* [What you need to do] For the records below, copy exactly the span that begins at the line containing "正午时分,山里的薄雾散尽,藏" and stops after the line containing "SHORT SLEEVE ROUND", minus any pictures.

* [Data provided]
========================================================================

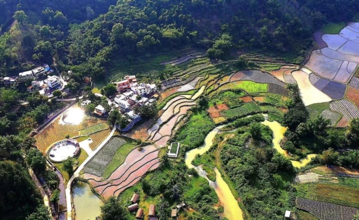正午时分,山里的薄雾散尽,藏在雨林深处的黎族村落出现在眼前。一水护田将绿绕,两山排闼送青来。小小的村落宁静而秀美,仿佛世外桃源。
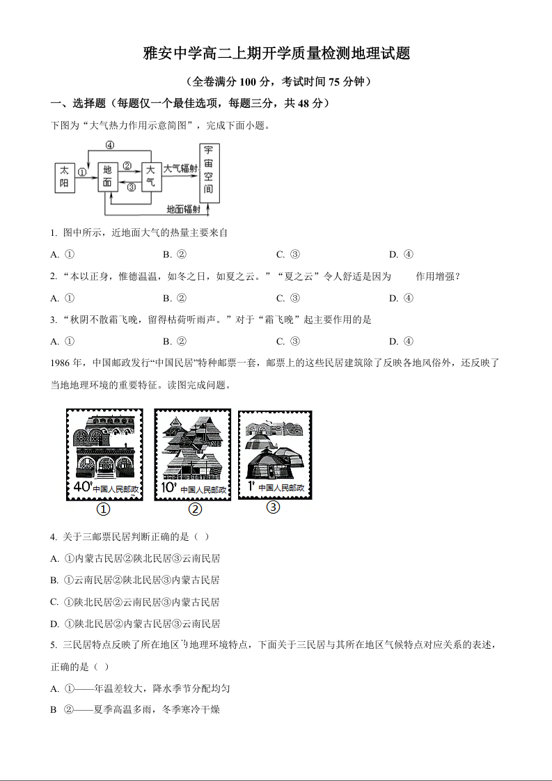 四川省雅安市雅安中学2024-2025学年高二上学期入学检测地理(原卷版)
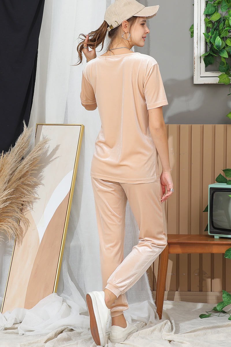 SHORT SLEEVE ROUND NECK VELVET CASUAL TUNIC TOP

========================================================================

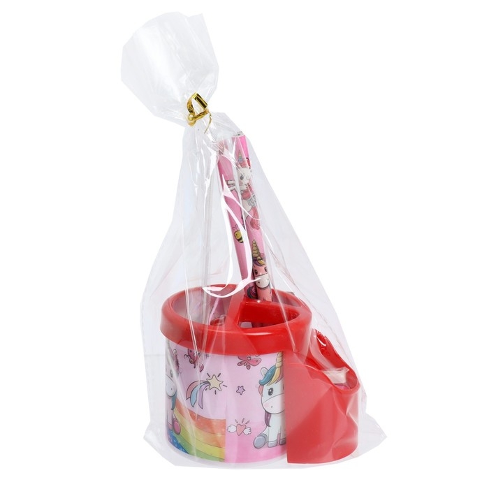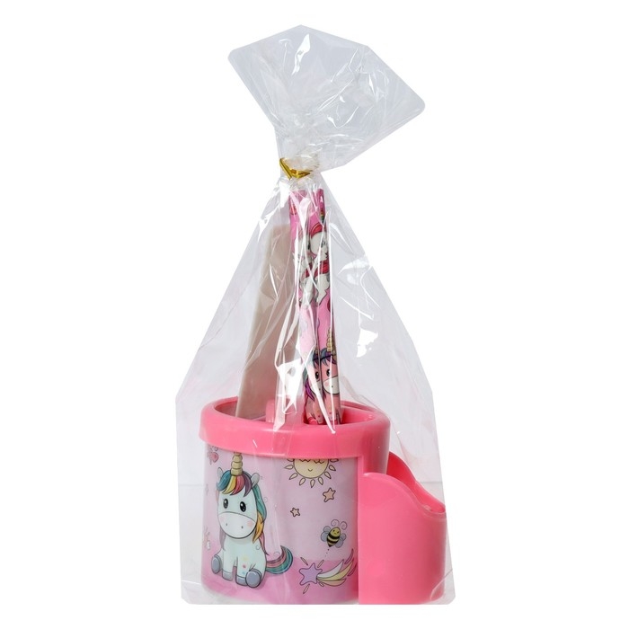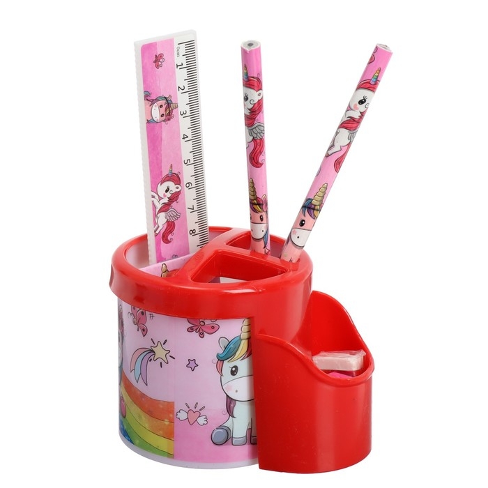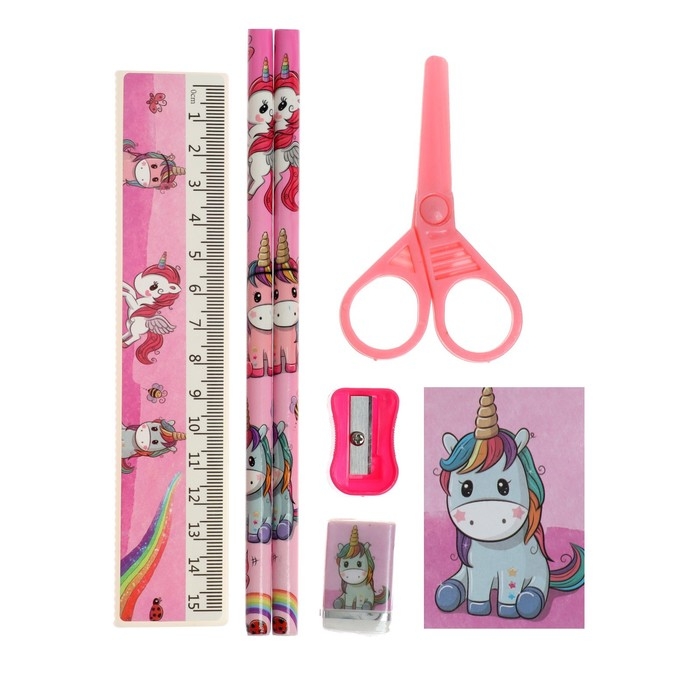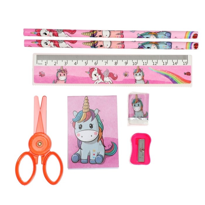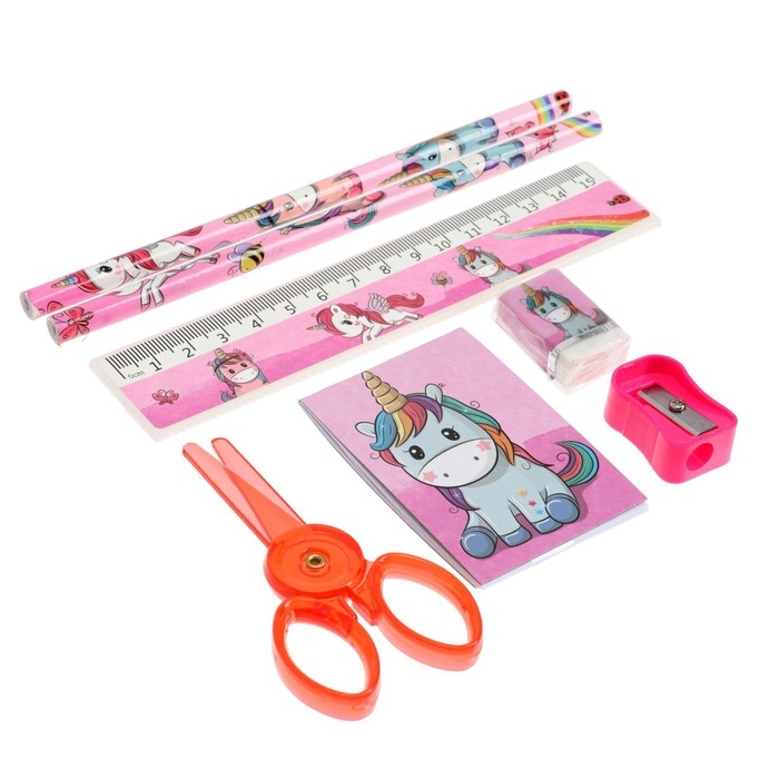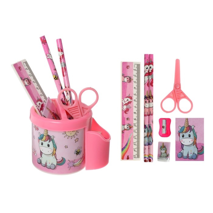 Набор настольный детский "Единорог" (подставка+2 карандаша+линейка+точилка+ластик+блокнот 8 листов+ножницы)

========================================================================

* [Exercise response]
正午时分,山里的薄雾散尽,藏在雨林深处的黎族村落出现在眼前。一水护田将绿绕,两山排闼送青来。小小的村落宁静而秀美,仿佛世外桃源。
 四川省雅安市雅安中学2024-2025学年高二上学期入学检测地理(原卷版)
 SHORT SLEEVE ROUND NECK VELVET CASUAL TUNIC TOP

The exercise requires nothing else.